Regulation A+ Part Two:
Advantages for Founders, Employees, and Early Investors

May 04, 2015

Share on LinkedInTweet about this on TwitterShare on FacebookShare on Google+

This is another installment in a series of blogs from W.R. Hambrecht + Co., LLC. In this series, we will explore the capital raising challenges facing small and emerging companies and recent regulatory changes that should greatly help executives, venture capitalists, and individual investors meet these challenges head-on.


Growing a Small Businesses is Challenging

Even the most promising small companies have a lot of challenges. Two right at the top of the list are:

  1. attracting and retaining great employees and
  2. getting the capital they need to survive, adapt, and grow.

And as any good entrepreneur knows, the expansion from a handful of employees to the first 100 is often the hardest part. The company may be too large to keep financing it with your friends and family or with the angel investor(s) you’ve had all along. And banks won’t lend you nearly what you need.

Viable Options for Raising Capital Have Been Limited

In recent years, this dilemma has resulted in essentially one of two paths—multiple rounds of venture capital investing or selling out. Both may be viable options, but both present significant challenges for founders, employees, and early investors. With venture investors, a company’s early investors and founders may be heavily diluted each successive round—threatening the culture and vision of the firm. Although they help to pay salaries, these investments often hurt employee attraction and retention because they typically dilute employees’ interests. And being acquired is often the end of the ride.

Public financing for growth-stage companies has all but fallen off the table in recent years amid ever-climbing legal and compliance costs. Until now.

Regulation A+ Creates Viable New Options

On March 25, 2015, the SEC adopted revisions to Regulation A (often called Reg A+). This new rule puts public financing back on the table for great small and emerging companies. It allows management to raise capital from all types of investors, not just a handful of venture funds, giving them leverage to fight dilution and maintain their company’s culture. Just as important, Reg A+ opens up the valuation of the company beyond what just a small subset of the investing world might think. It gives employees freely-tradable securities that they can sell right away. If anyone wants to know the value of their holdings, they can just look to the public quote. And it gives early investors the opportunity to monetize some of their success.

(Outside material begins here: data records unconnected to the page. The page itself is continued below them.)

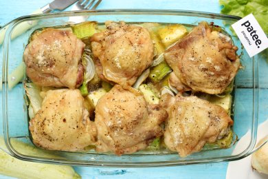 Запеченные куриные бедра с сезонными овощами это прекрасное решение для семейного обеда или ужина. Для приготовления такого блюда можно взять пол курицы, бедра или голени.
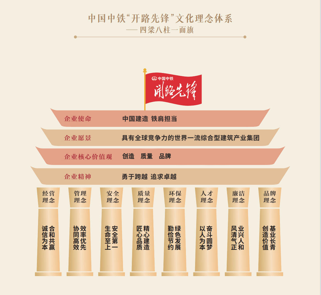 总览:“开路先锋”精神是中国中铁高尚品格和优良传统的集中概括,是中国中铁企业文化的基础与源头,是“勇于跨越 追求卓越”这一企业精神的统领与核心,伴随着企业120多年的发展历程,已深深融入中国中铁人的血脉之中。基于悠久的历史渊源和深厚的现实基础,中国中铁企业文化总称为中国中铁“开路先锋”文化。
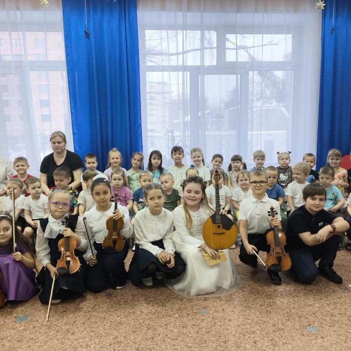 Юные музыканты познакомили малышей со своими музыкальными инструментами.В зале детского сада звучали домра, скрипка, баян и фортепиано.
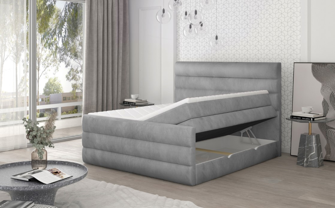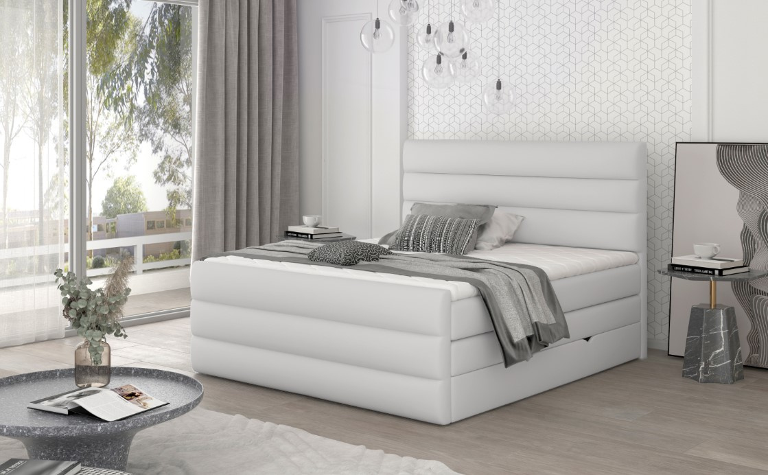 Moderní postel Cande s minimalistickým designem zdoben vodorovným prošíváním. Postel je upevněna na pevné dřevěné krabici s matrací s bonnelovými pružinami a výplň PUR pěnou . Celá postel je pokryta topperem, který eliminuje nepříjemné přerušení uprostřed postele a také zvyšuje pocit pohodlí. Potah topperu je pratelný na 40 st. a je vyrobený z hypoalergenního materiálu. Pro vaši vysněnou ložnici stojí za to zvolit materiály i velikost postele tak, aby zaručovaly odpočinek a relaxaci.
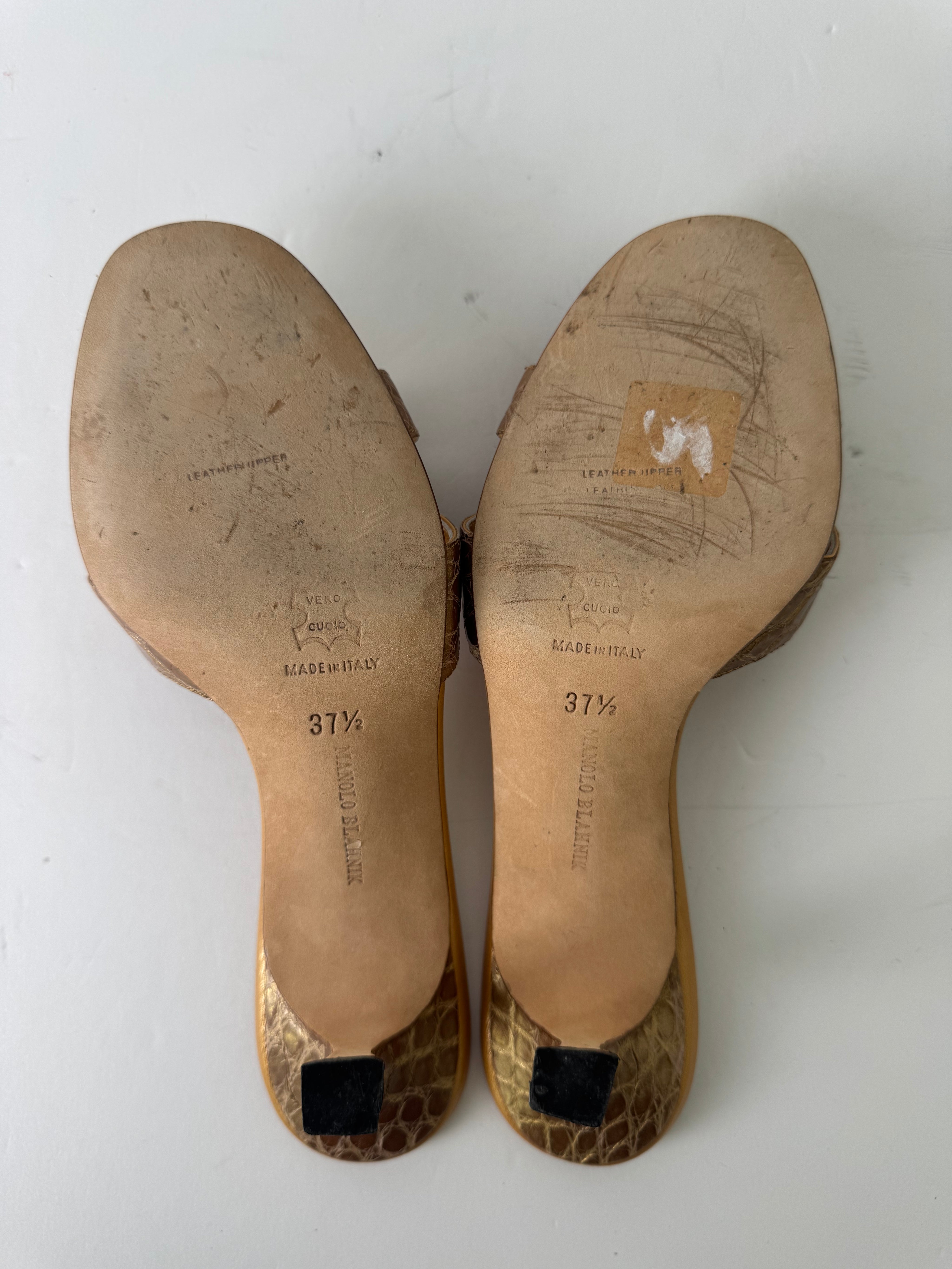 Manolo Blahnik Vintage Croc Embossed Sandal Heel - 37.5
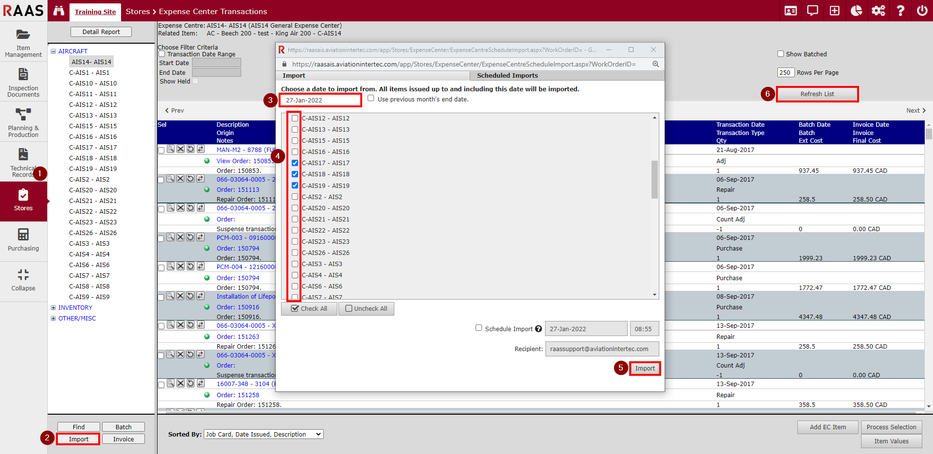 Enter an import date. All items up to and including this date will be imported for the selected expense center(s).
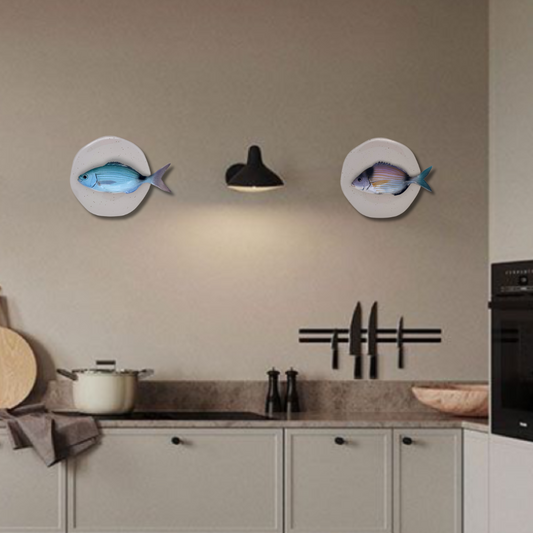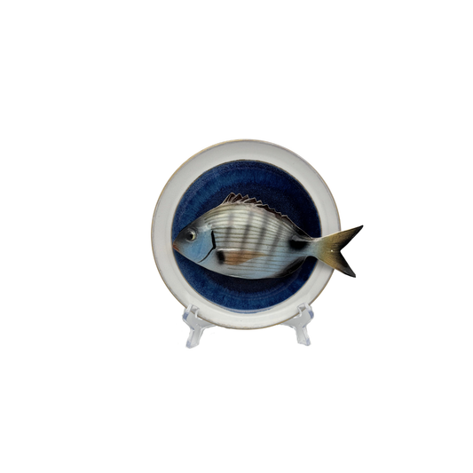 Sarago medio op blauw bord met lichte rand, 17 cm
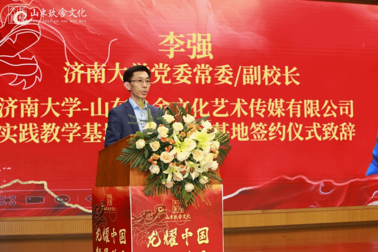 李强代表学校对山东玖舍文化艺术传媒有限公司支持学校教育发展表示感谢,介绍了学校在人才培养、科学研究、师资队伍、学科建设等方面的基本情况。他指出,共同搭建校企联合平台,开展深入合作,是推动济南大学与山东玖舍文化艺术传媒有限公司发挥各自资源优势、提升企业创新能力和水平、提高学校人才培养能力、实现互利共赢的有益尝试。济南大学近年来高度重视美育工作,不断探索新形势下美术专业学生培养模式,希望校企双方进一步加强密切交流,深化拓展合作领域,实现更加紧密的产学研一体化发展,用更加开放的视野、更加有力的措施共同推进协议全面落实。

Regulation A will allow companies to raise up to $50 million (including up to $15 million from selling shareholders) from the public markets. It throws open the doors to capital formation by giving a much larger pool of investors access to great companies. While there are some upfront costs and documentation requirements that don’t come with most private offerings, these costs should be less than those of a full IPO.

The Two Types of Regulation A+ Offerings: Tier 1 and Tier 2

Regulation A provides two tiers of offerings, with the filing obligations scaled to the size of the offering and the capabilities of the company. For offerings up to $20 million, “Tier 1” allows companies to raise capital without audited financials and without significant ongoing reporting requirements. For offerings up to $50 million, ”Tier 2” allows for abridged initial filings and ongoing reporting requirements, which should generally be far more streamlined than full Exchange Act reporting requirements, including the oft-dreaded Sarbanes-Oxley.

With lower costs and modest filing requirements compared to a fully-registered public offering, but with many of the advantages of one, we expect the new Regulation A to be an attractive option for founders, employees, and early investors.